The internal representation of musical timbre for isolated musical instrument sounds was found to be similar in NH and in CI listeners. This suggests that training procedures designed to improve timbre recognition in CIs will indeed train CI subjects to use the same cues as NH listeners. Furthermore, NH subjects listening to noise-vocoded sounds appear to be a good model of CI timbre perception as they show the same first two perceptual dimensions as CI subjects do and also exhibit a similar change in perceptual weights applied to these two dimensions. This last finding validates the use of simulations to evaluate and compare training procedures to improve timbre perception in CIs.
多项研究表明,与正常听力(NH)听众相比,人工耳蜗(CI)使用者识别乐器音色的能力有所下降。然而,大多数这些研究都集中在需要特定音乐知识的任务上。相比之下,本研究使用多维标度(MDS)范式调查 CI 受试者对音色的感知。主要目的是研究 CI 受试者是否使用与 NH 听众相同的线索来区分乐器的音色。

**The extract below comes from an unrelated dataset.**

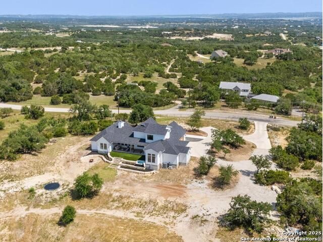 Welcome to 837 Mystic Breeze, an exceptional modern farmhouse built in 2023, nestled atop a hillside in the prestigious Mystic Shores community in the TX Hill Country. This 5-bedroom, 4-bathroom custom home offers 4,112 sq ft of beautifully designed living space on a serene 5.14-acre lot, blending luxury, comfort, and sweeping Hill Country views. The property welcomes you with a gated entrance, oak trees, and sustainable rock landscaping. Inside, tall ceilings with exposed wood beams, expansive windows, and wide-plank wood flooring create a warm and open atmosphere filled with natural light. The heart of the home is the spacious living and dining area anchored by a wood-burning fireplace with gas start. Perfect for entertaining, the open-concept layout flows seamlessly into a gourmet kitchen featuring quartz countertops, an oversized island, propane gas cooktop, electric double ovens, pot filler, farmhouse sink, microwave, dishwasher, and custom cabinetry. A generous butler's pantry adds functionality with custom cabinets, shelving, and a built-in coffee and tea bar. Designer lighting and ceiling fans throughout the home add a polished, cohesive feel. The primary suite is a peaceful retreat with a sitting area, high ceilings, and large windows framing spectacular views. The luxurious en-suite bath offers dual vanities, two walk-in closets, and a spa-style walk-through tiled shower with dual shower heads. A rare highlight is the glass-enclosed dry sauna-ideal for relaxation and wellness. Thoughtfully designed for convenience, the home also features a large laundry room with lots of space for a washer, dryer, refrigerator or freezer, plus a utility sink and custom cabinetry. A mudroom off the garage entrance includes built-in storage with coat hooks and drawers. Outdoor living shines here, with a spacious covered patio perfect for both lounging and dining. The upper backyard includes turf grass, outdoor string lighting, and hot tub, offering an inviting space to unwind while enjoying stunning views. Tiered flower beds and stone stairs lead to the lower yard with fire pit, enhancing the natural beauty of the landscape. Located in Mystic Shores-one of the Hill Country's premier communities-residents enjoy world-class amenities including two swimming pools, pickleball, tennis, basketball, and volleyball courts, a community center, two lakeside parks with grilling and picnic areas, and a 200+ acre nature preserve. 837 Mystic Breeze is more than just a home-it's a lifestyle, offering privacy, elegance, and an unparalleled Hill Country setting just minutes from Canyon Lake. Don't miss the opportunity to make this one-of-a-kind retreat your own.

三组 10 名 NH 受试者和一组 10 名 CI 受试者被要求在乐器声音对之间进行不相似性判断。刺激物是 16 个跨越广泛乐器家族的合成乐器音,所有声音的基频(261Hz)相同,在实验前在响度和感知时长方面平衡。一组 NH 受试者听未处理的刺激。另外两组 NH 受试者听通过四通道或八通道噪声声码器播放的相同刺激,该声码器旨在模拟真实 CI 执行的信号处理。受试者听到所有可能的乐器对组合,并必须为每对声音估计两个声音之间的不相似程度。这些估计用于构建不相似性矩阵,然后使用 MDS 模型进一步分析这些矩阵。该模型输出为每个受试者组提供了刺激之间感知距离的最佳图形表示(所谓的“音色空间”)。
对于所有组,音色空间的前两个维度非常相似,并且与攻击时间的对数和频谱包络的重心分别强烈相关。第三维度的声学相关因素在组间有所不同,但仅占 MDS 解决方案解释方差的一小部分。令人惊讶的是,与处理过的刺激相比,CI 受试者和 NH 受试者在噪声声码器模拟中对音色的判断更重视频谱包络维度,而对攻击时间维度的重视程度较低。在真实和模拟 CI 中,光谱包络线索相对更显著的一个可能原因是,局部精细光谱细节的退化导致刺激持续时间内的光谱包络更稳定。
对于孤立乐器声音的音乐音色的内部表示,NH 和 CI 听众之间被发现是相似的。这表明,旨在提高 CI 中音色识别的训练程序确实将训练 CI 受试者使用与 NH 听众相同的线索。此外,听噪声声码化声音的 NH 受试者似乎是 CI 音色感知的良好模型,因为他们表现出与 CI 受试者相同的前两个感知维度,并且还表现出对这两个维度应用的感知权重的相似变化。这最后一个发现验证了使用模拟来评估和比较训练程序以改善 CI 中的音色感知。